Copyright is held by the author.
IT WASN’T so much that Jonah liked getting up at 4:30 each morning; it was just the way it was. In decent weather, he could ride his bicycle. But now, it was the dead of winter and a bit too early for buses to run, so the long walk extended his journey. Thankfully, the solitude of his steps, the crunch of the snow and the sharpness of the cool air gave him quiet enjoyment. He arrived at Maxine’s Neighbourhood Coffee Shop just as the bakers were pulling out the first of many trays of treats, disguised as healthy breakfast food.
The coffee smelled great, almost as great as the first sip tasted. It was a good thing he liked it — nobody had warned him that gallons of the strong, dark brew would be absorbed by his pores, his hair follicles, his clothes and shoes. At first, he was surprised when a fresh waft would hit him when he climbed in the shower or when he changed his shirt. His room-mates had taken to calling him Bean, not entirely based on his lanky stature.
This was his ritual — get up, work the busy morning hours, then head to class, the library, maybe shoot some baskets with the guys, play a video game or two, study, and hit the hay by 11 at the latest. Not much sleep, but enough. And no student loan, which was more than worth a bit of fatigue.

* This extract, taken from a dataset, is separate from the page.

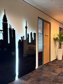 A spacious, classroom-style training room with rows of tablet chairs arranged along a central aisle for clear visibility and smooth movement. The ceiling combines track lights and warm spot lighting to create a focused yet welcoming learning atmosphere. Evo-X branding anchors the front area, while the surrounding open layout allows the space to flex between training sessions, briefings, and team events. A bold city-skyline feature wall at the entrance adds a strong first impression.

He enjoyed his job. His self-esteem had survived the embarrassment of friends occasionally seeing him in his white uniform. He’d long stopped aspiring to be the coolest guy around, so it made sense he could settle into being “Young Jonah,” that nice lad amongst the sea of older ladies that filled out the staff. He still saw himself as the quiet, slightly invisible boy he had been in high school, even if others now noticed his warm brown eyes, lovely smile and intelligent gaze. He was unaware, as young men often are that those older ladies smiled at him with pride, the way grandmothers take measure of potential new suitors for their granddaughters.
Much like catching a glance into the occasional living room on those early morning walks, Jonah thought his regulars offered him a glimpse into their lives.

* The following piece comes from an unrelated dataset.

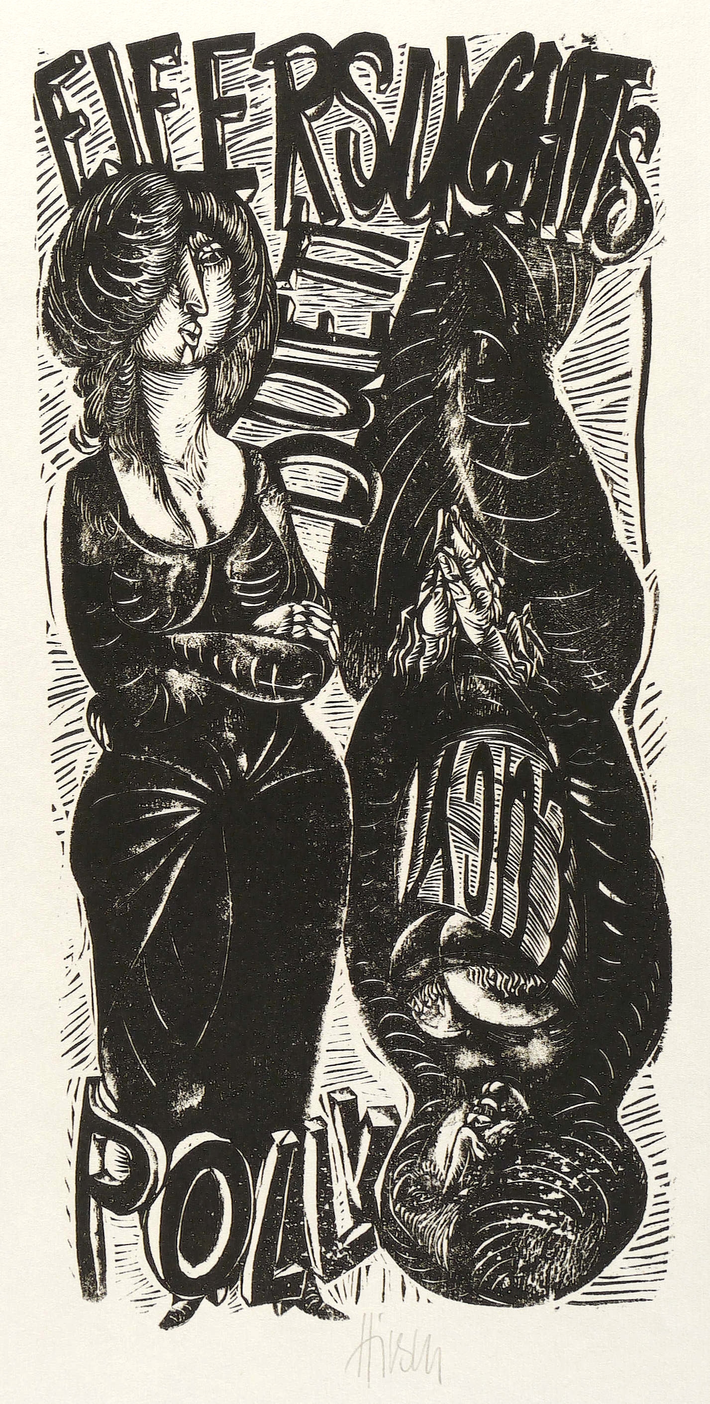 Aus: Karl-Georg Hirsch, Die Dreigroschenoper. 10 Holzschnitte (Leipzig: 1971). – Unterhalb in Bleistift signiert. Im Druckstock die Inschrift: ″EIFERSUCHTS DUETT // POLLY // LUCY″. Verso Stempel der Plauener Grafikgemeinschaft. – Tadellos. Ausgezeichnet erhalten.

Every morning, he could set his clock by the first customers of the day. Edwin and Marion walked their winter-loving Icelandic sheepdog, looped his leash to the rail outside, gave him a treat and headed in. Slight but straight-backed, they pulled off woolly tuques, bought two small white coffees, shared a multigrain bagel with cream cheese and headed home.
Edwin always held the door for Marion; he always held her arm, gently, just by her elbow as they placed their order. She always chose the same table, cut the bagel in quarters, placed two pieces on the spare plate, and handed it to him. Nice couple, Jonah thought, when he met them. At first, it just seemed cute that Edwin watched his wife so attentively. But in time, he began to see more clearly: her growing unsteadiness, occasional confusion about where the ladies’ room was located, the gentle repetition of her questions, and of his answers. Dementia? Alzheimer’s? Somehow, the label wasn’t as important as them having more coffee dates.
Most mornings, he moved between the counter and the drive-through window, two distinct connection points for the local customers.
Did his friends need to know that the mailman took his coffee black with four sugars? Or that every morning, Mrs. Baxter picked up an extra-large double-double in her pyjamas? Or that Mr. Abdul drank decaf and did the crossword while his daughter was at swimming practice? Or that there was a nice couple from Argentina who took turns driving around with their early-rising twins in the back seat, while the other of them caught an extra hour or so of sleep? No.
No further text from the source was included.